“‘Focusing on teacher quality’ … sounds agreeable, but much of the detail will be impossibly difficult to work through.
… there is serious ideological disagreement within education as to what a high-quality teacher looks like.”
He identifies two major pitfalls: First, that the bar for subject knowledge is set too low and there are insufficient rewards to encourage individuals with excellent subject knowledge into comprehensive schools. Second, that politicians underestimate the extent to which ideological arguments about the values and purpose of education confound attempts to train teachers in effective pedagogy.
Any attempt to reward good teachers, or increase training for teachers, raises questions about who will judge what a “good teacher” is and what teachers should be trained in.
As it happens, the day I read his comment piece, another article caught my eye which appeared to underline his points.
Studies Highlight Complexities of Using Value-Added Measures published in Education Week, discussed several recently published papers which pointed to the problems of assessing teacher quality. I’m going to comment on the findings of three of them:
Would we know quality teaching if it bit us … ?
The first paper, What Instructional Alignment as a Measure of Teaching Quality (Polikoff and Porter, 2014) was particularly interesting to me as I’ve been piloting one of the measures they used (the MET Tripod student survey) as a coaching tool this year.
The study reported an attempt to measure the extent to which instructional alignment (broadly – how well curriculum, instruction and assessment match up) and teaching quality (as measured by a combination of the Tripod survey and structured observations) correlated with value-added scores (on State and supplementary tests).
The results are quite surprising:
“Overall, the results are disappointing. Based on our obtained sample, we would conclude that there are very weak associations of content alignment with student achievement gains and no associations with the composite measure of effective teaching.”
They point to three possible interpretations for these disappointing results:
“One interpretation of this conclusion is instructional alignment and pedagogical quality are not as important as standards-based reform theory suggests for affecting student learning.”
Which suggests that trying to improve teachers’ instructional methods doesn’t improve student learning. This implies that ‘good teaching’ doesn’t especially improve grades!
“A second interpretation is that instructional alignment and pedagogical quality are as important as previously thought, but that the SEC and FFT do not capture the important elements of instruction.”
This isn’t quite as damning as the first – but it represents an enormous blow to accountability systems. It implies that we simply can’t measure the things about teaching that improve student progress through (fairly reliable and structured) observations and (reliable and validated) student surveys.
“A third interpretation of our findings is that the tests used for calculating VAM are not particularly able to detect differences in the content or quality of classroom instruction.”
Which is probably the more comforting conclusion as it suggests that we can identify something about quality teaching but we can’t measure it using value-added scores. This has ramifications for teacher appraisal systems in the UK. If fine-grained VAM scores cannot establish the quality of a teacher, then how can the relatively simplistic targets based on 3 or 4 levels of progress possibly be fair?

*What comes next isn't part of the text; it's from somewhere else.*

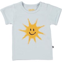 Easy er en baby t-shirt i lyseblå med print af en sol på fronten. Easy har en dobbelt knappelukning på den ene skulder, som gør det nemt at få blusen af og på.

Grow, damn it child … grow!
The second paper, Teacher Effects on Student Achievement and Height: A Cautionary Tale (Bitler et al) was the most amusing article I’ve read since fMRI got slapped with a dead fish.
As a test of VA modelling techniques they decided to use such models to see what effect teachers had on their students’ heights. What was shocking was that teachers appeared to influence the height of their students almost as much as English and maths scores.
“We find that—simply due to chance—teacher effects can appear large, even on outcomes they cannot plausibly affect. The implication is that many value-added studies likely overstate the extent to which teachers differ in their effectiveness, although further research is needed. Furthermore, users of [value-added measures] should take care to ensure their estimates reflect … teacher effectiveness and are not driven by noise.”
This seems strong evidence that even using fairly sophisticated value-added data is too noisy to reliably judge teacher quality – and this makes assessing / rewarding teacher quality through use of data appear arbitrary. Not a great way to attract or retain the best teachers!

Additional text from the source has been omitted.